Павел Михайлович взял ее сморщенные ручки в свои ладони и легонько сжал.
- Обещаю, что стану беречь вас как зеницу ока.
Аглая Игнатьевна кинулась целовать ему руки, и мы еле оторвали ее от смеющегося Головина.
- Ну, ну… Хватит! Что это вы удумали?
- Теперь моих голубок никто не посмеет обидеть! Пусть только попробуют! – нянюшка вытерла слезы передником. – Вот так вот! Мы тоже могем!
На ее лице появилось воинственное выражение, что вызвало смех у всех нас. Аглая Игнатьевна приосанилась, ее седые бровки встали домиком, а нижняя губа оттопырилась.
- И неча теперя туточки шастать!
Она еще долго не хотела отпускать Павла Михайловича.
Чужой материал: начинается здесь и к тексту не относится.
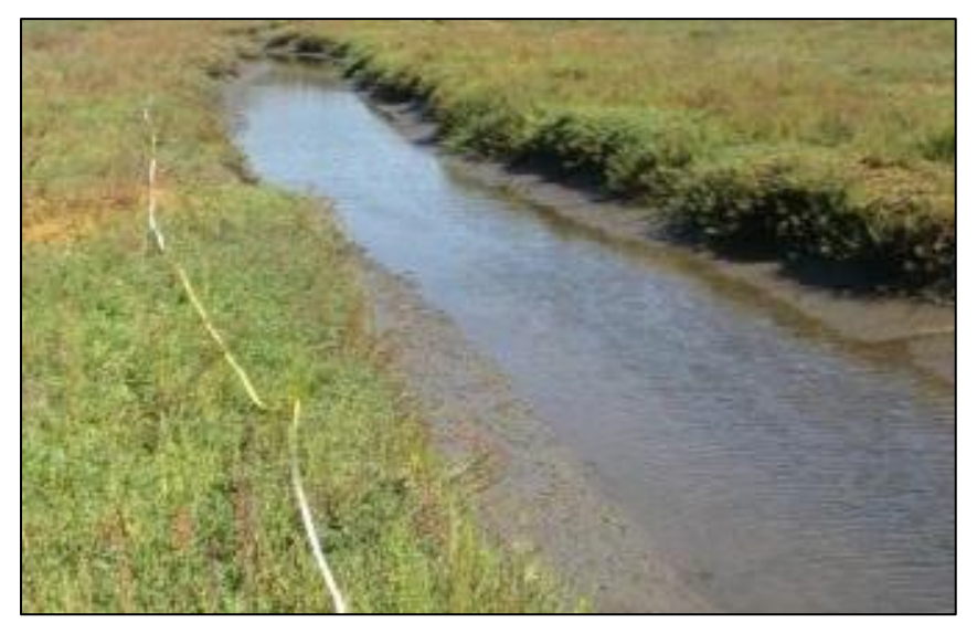
Figure 4. Transect deployment adjacent to a tide channel.
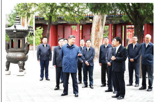
Chinese President Xi Jinping, also general secretary of the Communist Party of China Central Committee and chairman of the Central Military Commission, visits the Fuxi Temple to learn about the protection and preservation of local cultural heritage in Tianshui, northwest China's Gansu Province, Sept. 10, 2024. Xinhua

Gansu should promote new-type industrialization, accelerate the transformation and upgrading of traditional industries, build a significant national manufacturing base for new energy and new-energy-related equipment, and fortify the ecological security in the western part of the country, Xi said. Xinhua
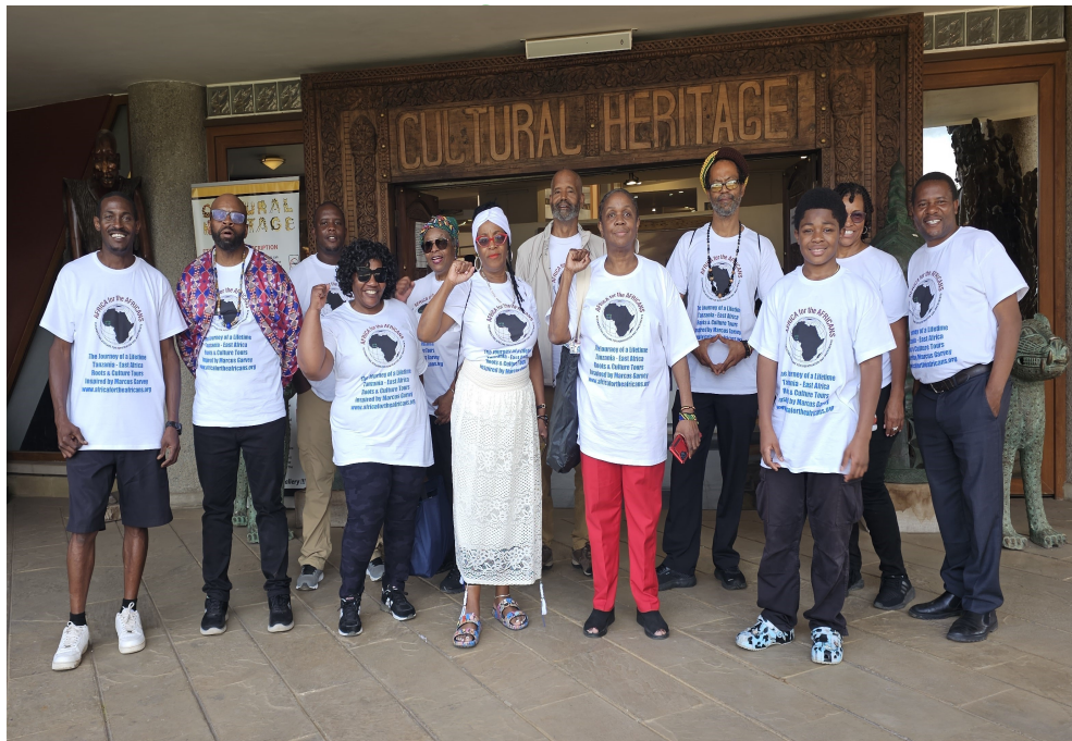
Tanzania Roots & Culture Tour Nov 2023
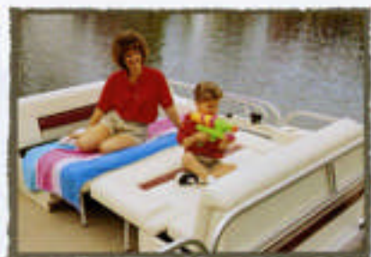
THE STARDECK 240 AND 241 CLASSIC INCLUDE FORE SOFA SEATS WHICH ALSO SERVE AS SLEEPER SEATS, CONVERTING TO A PADDED SANDCOT.

equipped with a refrigerator, single stove burner, cutting board and sink with fresh water pump. It's even possible to store and hook-up a microwave! A double vinyl rub rail on the

Потчевала его капусткой, блинами со сметаной, поила травяным чаем, а он все это ел с большим удовольствием. У меня немного отлегло от сердца, и даже появилась уверенность, что все будет хорошо.
Когда Аглая Игнатьевна помчалась за очередным угощением, я решилась поинтересоваться о Демьяне. Может Головин лучше объяснит его положение? Читать и знать точно - две большие разницы.
- Скажите, Павел Михайлович, а дети, рожденные от крепостных, имеют какие-нибудь права?
Я не стала называть имен, но он сразу догадался, о ком я говорю.
- О Демьяне переживаете? Но поспешу успокоить вас, он никоим образом не сможет претендовать на имущество. Даже если дворянин пожелает признать своего незаконнорожденного отпрыска, то все равно не имеет права передать ему свое звание, и обязан приписать его к своим крепостным крестьянам. – Головин, видимо, подумал, что мы боимся, как бы ни пришлось делиться с Демьяном. - Законом запрещено вводить незаконнорожденных в наследство и "в фамилию", препятствуя распространению сословных дворянских привилегий на "недостойных" граждан. Могу вам даже процитировать пояснение к этому закону: "Благородными разумеются все те, кои или от предков благородных рождены, или монархами сим достоинством пожалованы".